Purp "The Little Brainwash Simulation", 2024
Non so più se a scompaginarmi l' esistenza è il fruscio di foglie morte o il suono rarefatto di questo disco. Suoni che si mescolano divenendone solo uno in un autunno che, tanto per cambiare, pare non avere pietà di noi. Sempre troppe opinioni, sempre più diritti umani avviliti se non calpestati, sempre più stronzi e sempre meno umani. Meglio consolarsi con Purp che, con tocco quasi mistico, riesce a fare suonare un' intera stagione dentro un unico reperto.
Il talento di Purp è riuscire a dare un suono definitivo a quello che un suono non ha e la cosa stupefacente (stupefacente in tutti i sensi possibili) è che lo fa con un suono che non è definitivo: la natura frastagliata del suo lato sonoro lo rende aperto alla commistione col clima, l' umore di chi ascolta, lo scandire inesorabile delle ore...lui suona e l' invisibile e l' impalpabile suona con lui, attraverso lui.

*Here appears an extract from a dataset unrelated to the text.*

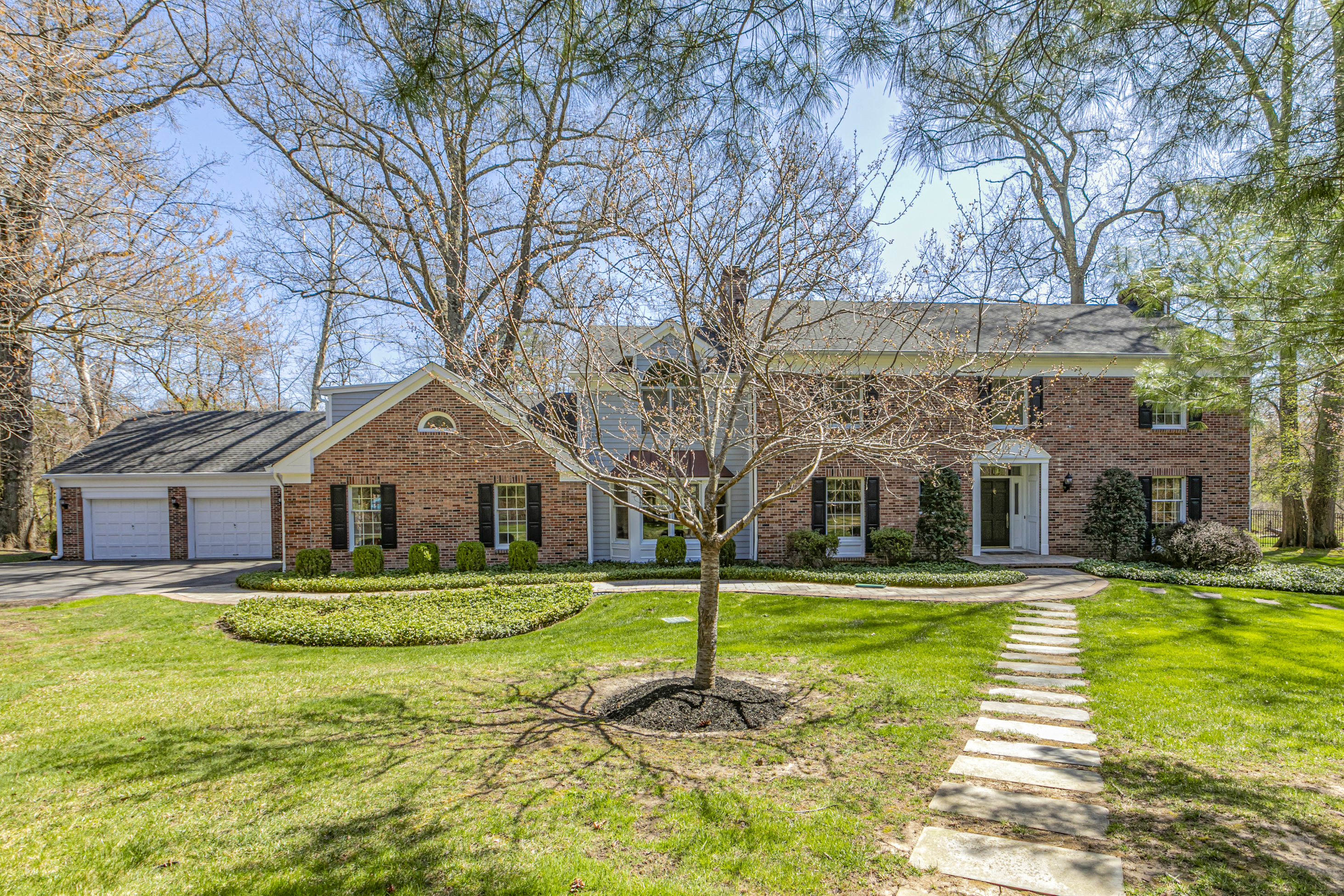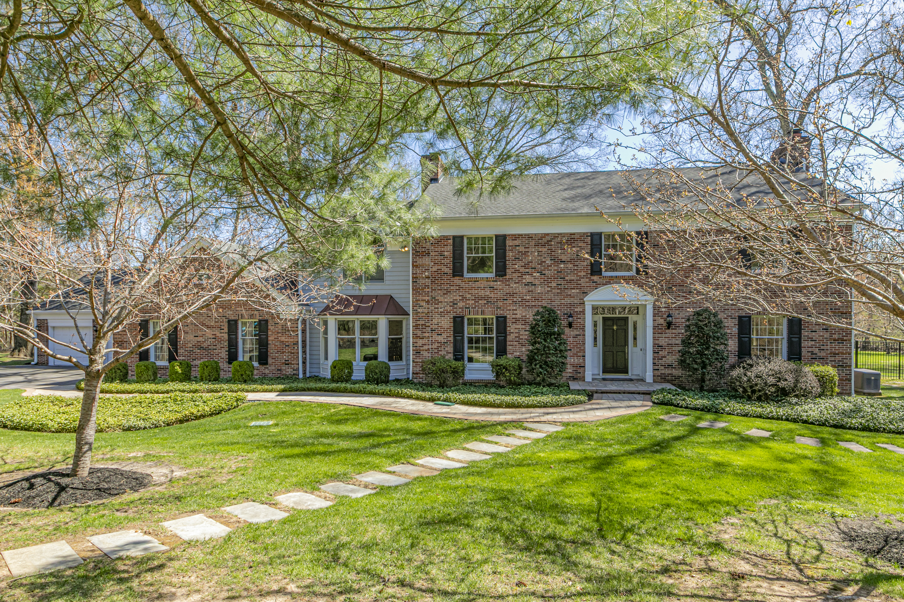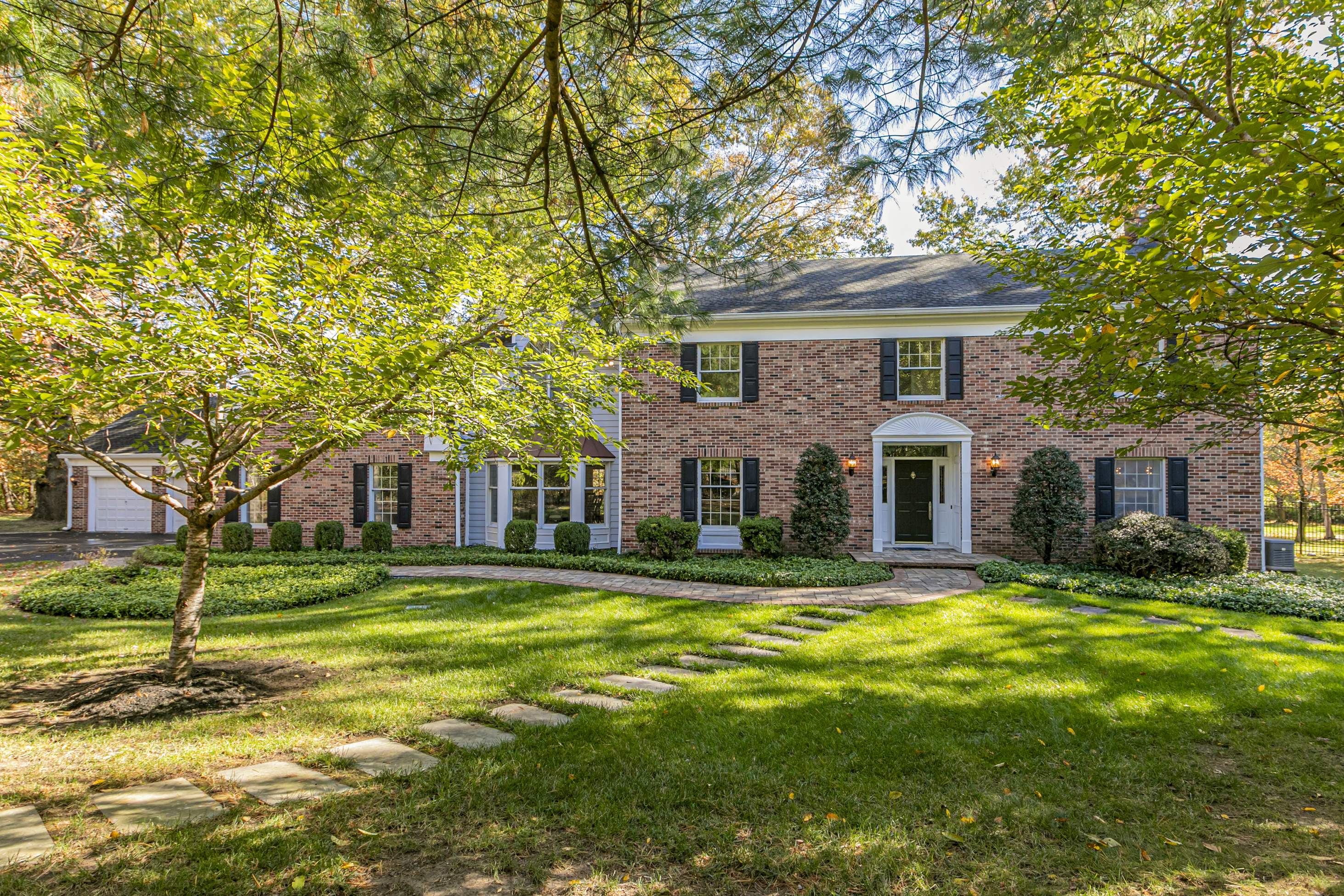 From the solid-brick construction to the impressive address, this gated home is intriguing from the start. One look at the private, nearly four-acre yard, where nature’s beauty is on full display, and you’re sure to be smitten! Inside, sunny space abounds, especially with a converted great room lined with big windows and topped with a skylit cathedral ceiling. A loft and loads of built-in storage let this valuable wing serve myriad needs. The home’s more traditional rooms include a front-to-back living room and an open dining room, both with fireplaces and hardwood floors. The central kitchen, equipped with a new fridge, Bosch dishwasher and double ovens, adjoins the breakfast room, where wide sliders open to a sprawling paver patio surrounding a pool and integrated spa. An office quietly situated beside the marble-floored powder room makes the main level complete. Atop the stairs, an updated hall bathroom serves two corner bedrooms. Two more bedrooms have baths en suite and stunning views of the grounds, including the airy, multi-room primary with endless potential. Laundry is located both upstairs and in the basement, a perk that will be appreciated when entertaining poolside. A pretty breezeway connecting the garage is another well considered touch that demonstrates the comfortable livability of this utterly refined home.
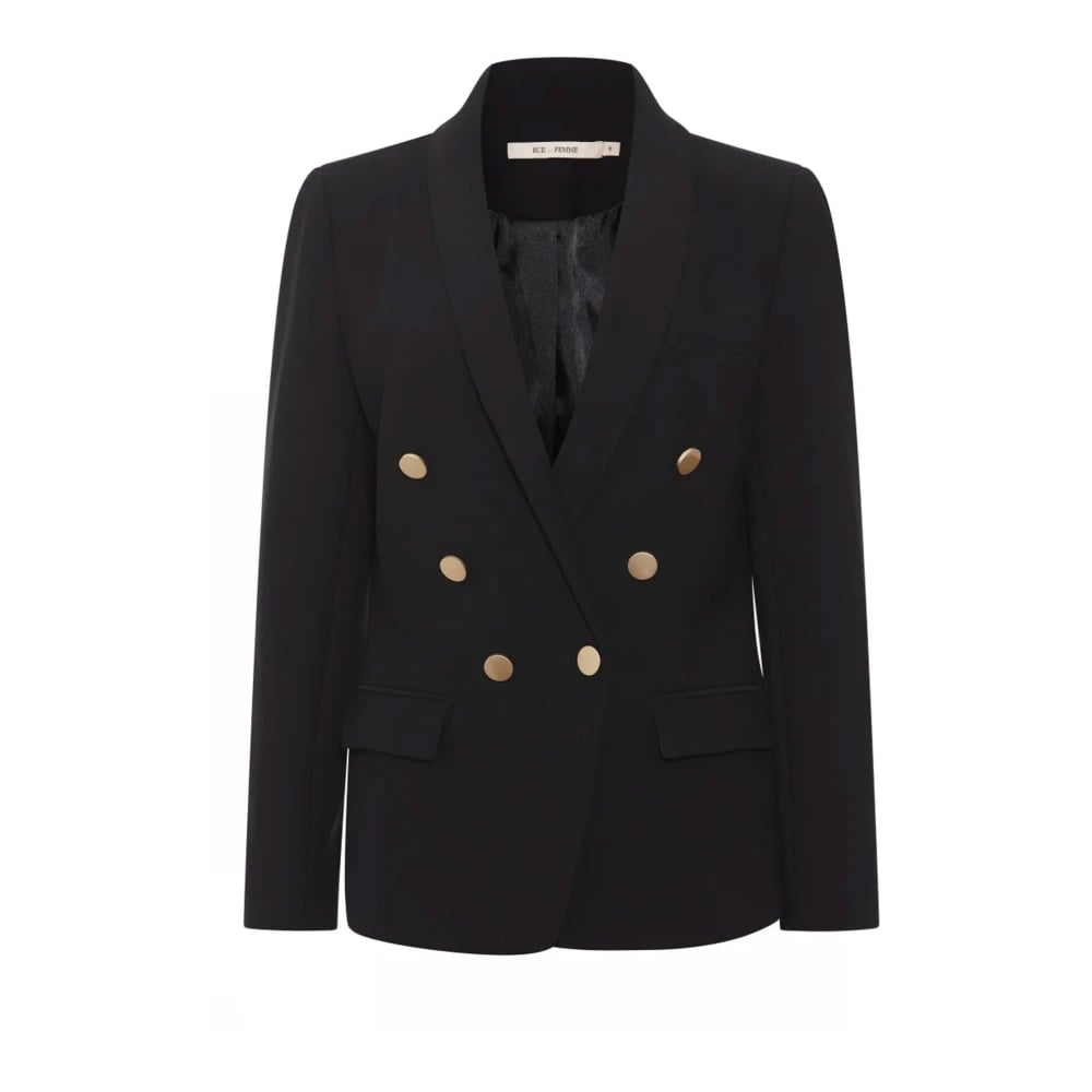 Kocca, Jakker , Dame, Sort, XL, Uld, Elegant Double Breasted Blazer Jakke

Purp non sembra neanche più un essere umano ma semplicemente il megafono attraverso il quale si esprime l' inesprimibile: il muto parla, il cieco descrive ciò che vede, il pazzo da un senso compiuto a ciò che prova.
Per capire un disco così non si può e non si deve essere ascoltatori attenti, bisogna, cioè, lasciarsi annegare in una condizione quasi di abbandono e mai e poi mai con la volontà di capire, tracciare dei confini, intuire delle possibili soluzioni: questo disco esce dal lettore e diventa eterno perché di eternità è fatto.
Sembra di riuscire a vedere attraverso spessi banchi di nebbia grazie al dizionario di frasi e suoni impossibili che Purp ci lascia in questo CD: vedere l' invisibile e capire che l' invisibile e ciò che non è ma presto potrebbe essere.
Lasciatevi avvolgere e provate con tutte le forze a non capire. Comprendere l' arte è l' illusione dello stupido.